━━━ THE DATA

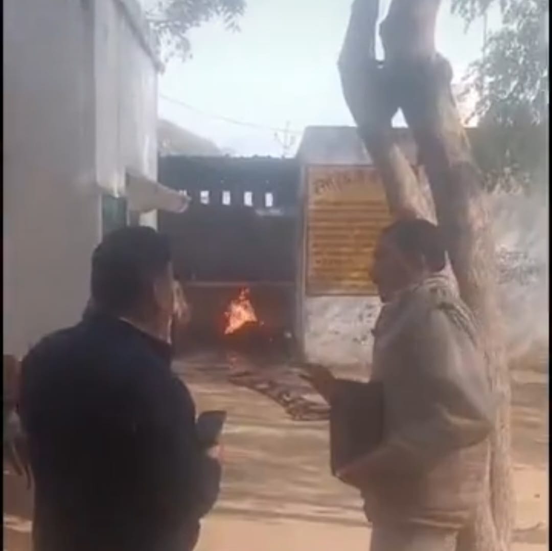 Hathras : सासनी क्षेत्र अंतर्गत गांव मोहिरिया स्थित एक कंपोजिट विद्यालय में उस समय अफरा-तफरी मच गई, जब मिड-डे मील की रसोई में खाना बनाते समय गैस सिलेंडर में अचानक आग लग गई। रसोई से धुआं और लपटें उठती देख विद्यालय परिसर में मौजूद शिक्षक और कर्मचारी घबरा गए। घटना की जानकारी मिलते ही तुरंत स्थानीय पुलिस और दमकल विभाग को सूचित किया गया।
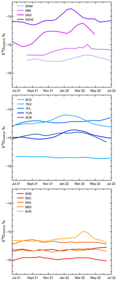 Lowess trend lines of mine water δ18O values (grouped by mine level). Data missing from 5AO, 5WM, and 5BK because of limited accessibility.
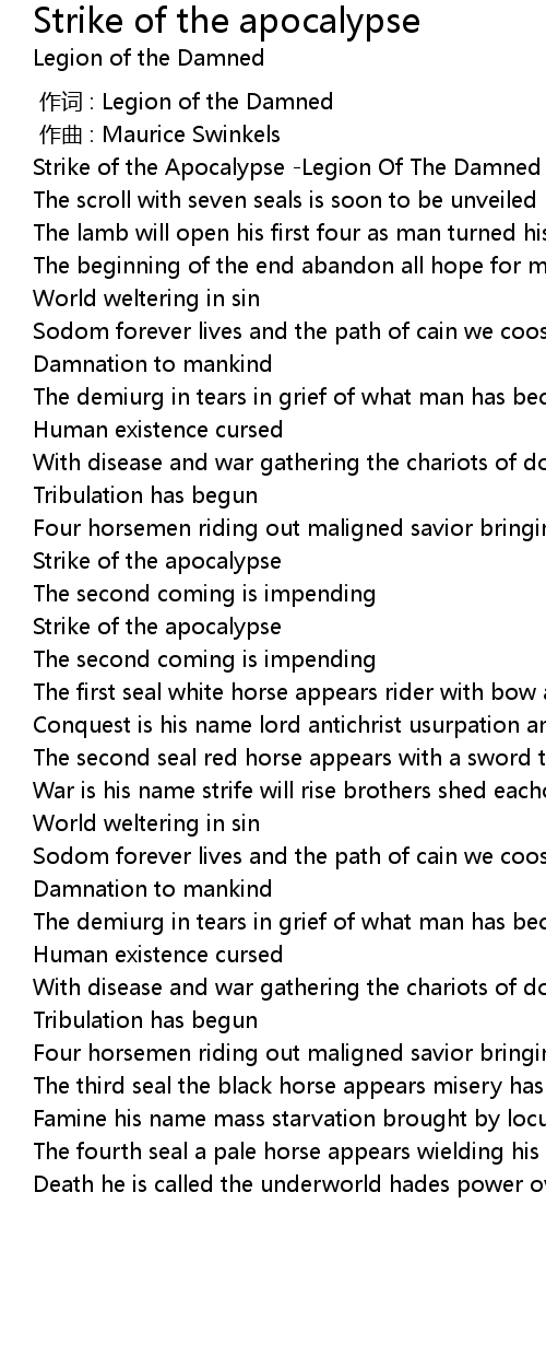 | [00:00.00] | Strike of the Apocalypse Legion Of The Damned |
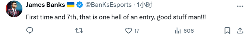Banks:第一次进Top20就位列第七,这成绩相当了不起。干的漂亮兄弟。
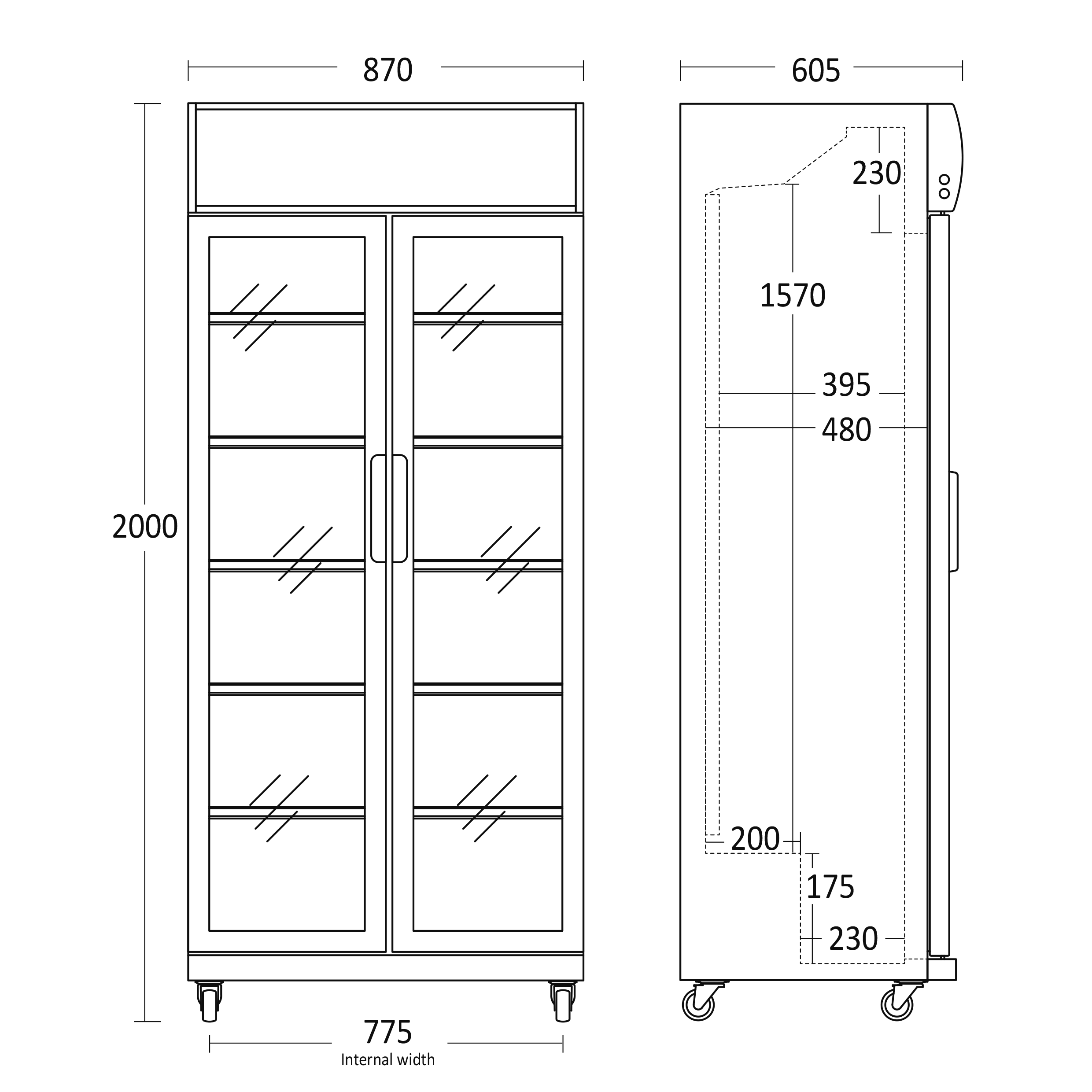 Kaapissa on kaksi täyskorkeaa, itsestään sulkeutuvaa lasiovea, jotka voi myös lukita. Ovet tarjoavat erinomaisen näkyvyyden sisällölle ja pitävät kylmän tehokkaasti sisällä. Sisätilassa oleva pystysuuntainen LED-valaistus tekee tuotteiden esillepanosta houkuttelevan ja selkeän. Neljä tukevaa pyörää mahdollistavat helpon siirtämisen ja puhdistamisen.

━━━━━━
━━━ THE DATA

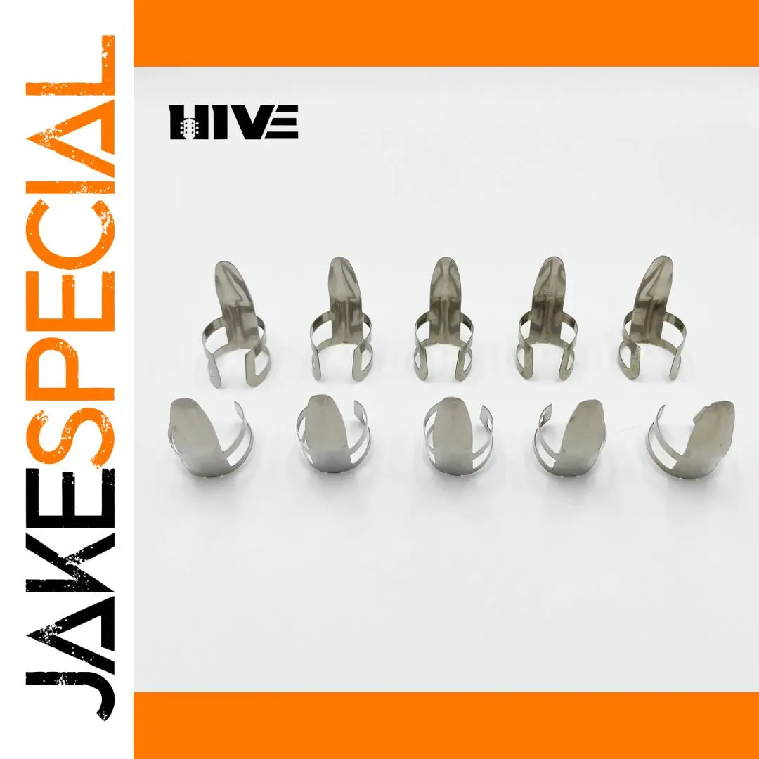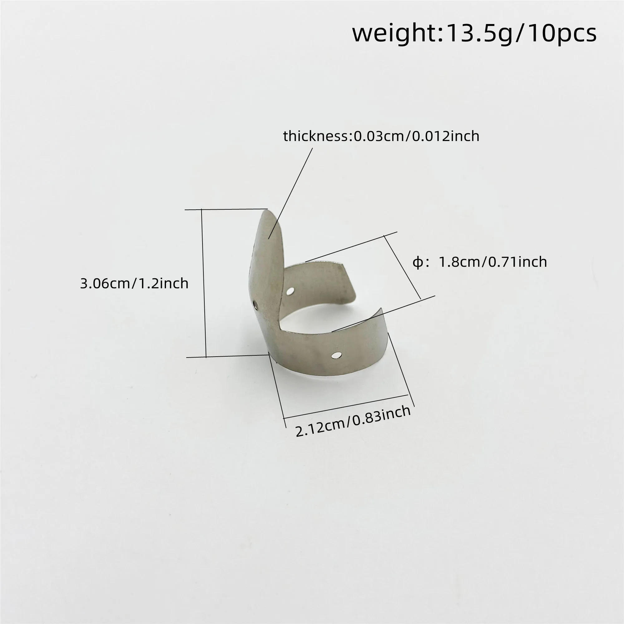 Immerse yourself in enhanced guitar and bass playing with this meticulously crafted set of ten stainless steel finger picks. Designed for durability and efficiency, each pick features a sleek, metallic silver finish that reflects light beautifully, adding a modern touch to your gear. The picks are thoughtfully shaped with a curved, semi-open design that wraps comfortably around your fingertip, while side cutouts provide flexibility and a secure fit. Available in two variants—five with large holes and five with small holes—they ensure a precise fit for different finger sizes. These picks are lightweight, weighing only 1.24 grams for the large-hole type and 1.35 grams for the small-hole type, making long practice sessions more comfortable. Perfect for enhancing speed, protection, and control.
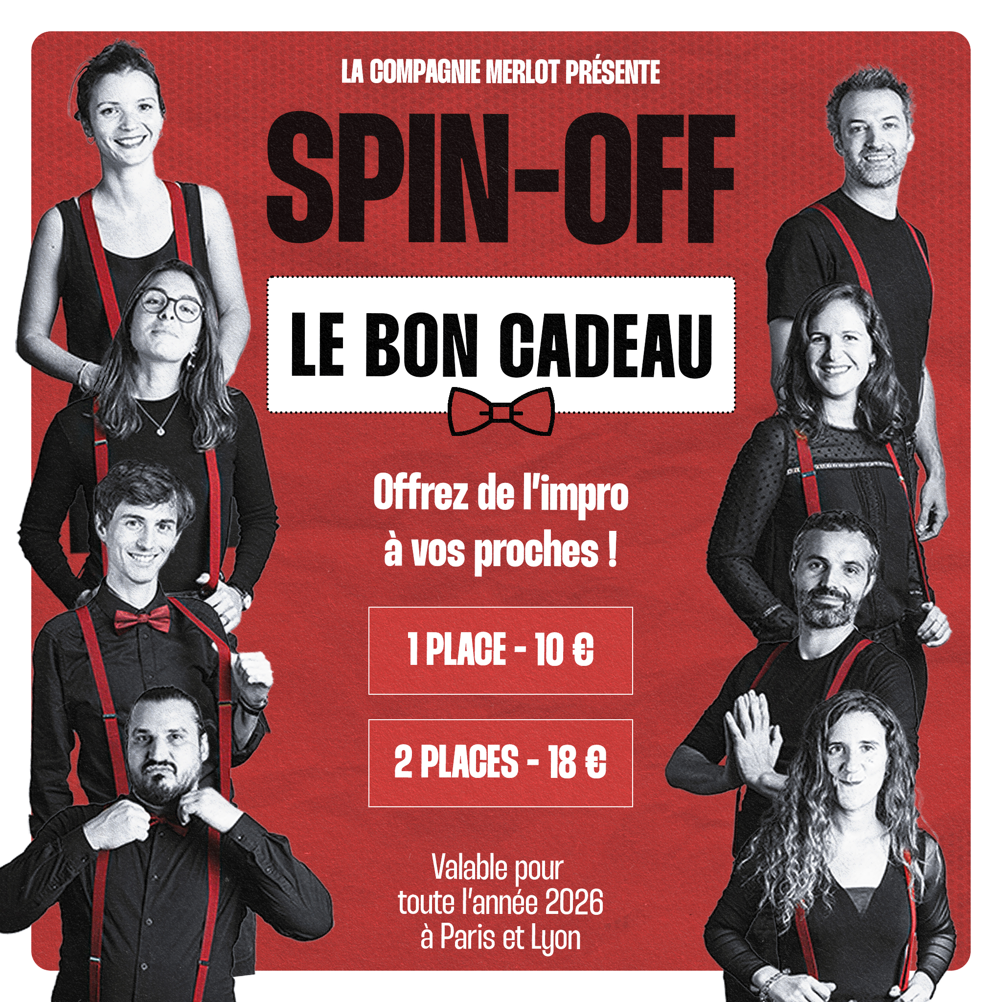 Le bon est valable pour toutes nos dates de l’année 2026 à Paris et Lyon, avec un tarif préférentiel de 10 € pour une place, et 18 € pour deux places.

━━━━━━

→ **YOUR OBJECTIVE**: Using the records above, repeat exactly the run of lines that starts with the line with "Lowess trend lines" and goes on through the line with "Banks:第一次进Top20就位列第七,这成绩相当了不起。干的漂亮兄弟。"; omit each picture.

→ **RESPONSE TO THIS EXERCISE**:
 Lowess trend lines of mine water δ18O values (grouped by mine level). Data missing from 5AO, 5WM, and 5BK because of limited accessibility.
 | [00:00.00] | Strike of the Apocalypse Legion Of The Damned |
Banks:第一次进Top20就位列第七,这成绩相当了不起。干的漂亮兄弟。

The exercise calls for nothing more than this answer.